Test and validate data after migration to ensure integrity.
Initial Load vs. Incremental Load Pattern
The recommended data loading strategy is a once-off initial load, followed by incremental loads. This ensures both data completeness and efficiency. You can use the same Database Query component for both operations, adjusting the query as needed.
Initial Load
During the initial load, the Database Query component executes without any filter conditions, extracting the full dataset:
SELECT * FROM customers;
Incremental Load
On subsequent (incremental) loads, a WHERE clause is added to filter for new or updated records only. Typically, this uses a high-watermark column such as a primary key or a last-modified timestamp.
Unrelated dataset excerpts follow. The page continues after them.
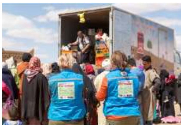
La livraison au Maroc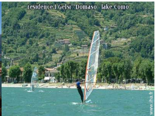
residence I Gelsi - Domaso - lake Como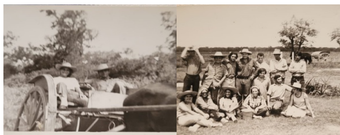
Primeros viajes de campo al norte chaqueño, 1970.

integrando su comisión central, hasta que ambos fueron detenidos-desaparecidos en abril de 1975 y puestos en libertad en agosto del mismo año. Ese mismo día Quique decidió clandestinizarse en el monte para resguardarse de la represión, donde permaneció hasta mediados de 1978 cuando logró exiliarse. Adelina regresó a Buenos Aires donde volvió a ser secuestrada en 1976 permaneciendo desaparecida durante 4 meses. Tras su liberación en diciembre, continuó la persecución y fue cesanteada de la escuela donde trabajaba. Aparece en los listados sobre personas desaparecidas de la APDH como Adelina de León Lovey. Hasta nuestros primeros contactos en 2018 nunca había testimoniado por la represión en el campo de Chaco ni por su cautiverio en la Ex Brigada de Investigaciones de Resistencia.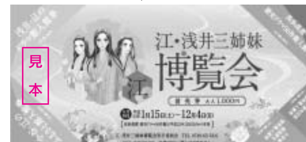
P21 江・浅井三姉妹博覧会情報

For example, to load only rows newer than the last extraction (
:last_extracted_tsbeing supplied dynamically):
SELECT * FROM customers WHERE last_modified > TO_TIMESTAMP(:last_extracted_ts, 'YYYY-MM-DD HH24:MI:SS');
This approach minimises data movement and processing time for routine loads. For more on this strategy, see the Incremental Load Data Replication Strategy on Matillion Exchange.
Tip: Always use parameterized queries and proper data type handling with your Database Query components to ensure reliability and performance during both initial and incremental loads.
Data Integration Architecture
Loading data in advance of integration represents a "divide and conquer" strategy by splitting the process into two discrete steps—a hallmark advantage of the ELT (Extract, Load, Transform) architecture. In this approach, raw data is first loaded into the target environment, such as the Databricks database, before any integration or transformation occurs. Effective data integration requires robust data transformation, and the most efficient way to achieve this is through data transformation pipelines that automate and manage the complex business logic necessary for analysis and reporting. Another advantage of the ELT model is that all data transformations and integration tasks occur within the Databricks database itself. This localized processing allows for fast, on-demand, and scalable operations, without the need to provision or pay for additional, dedicated data processing infrastructure outside of your Databricks environment.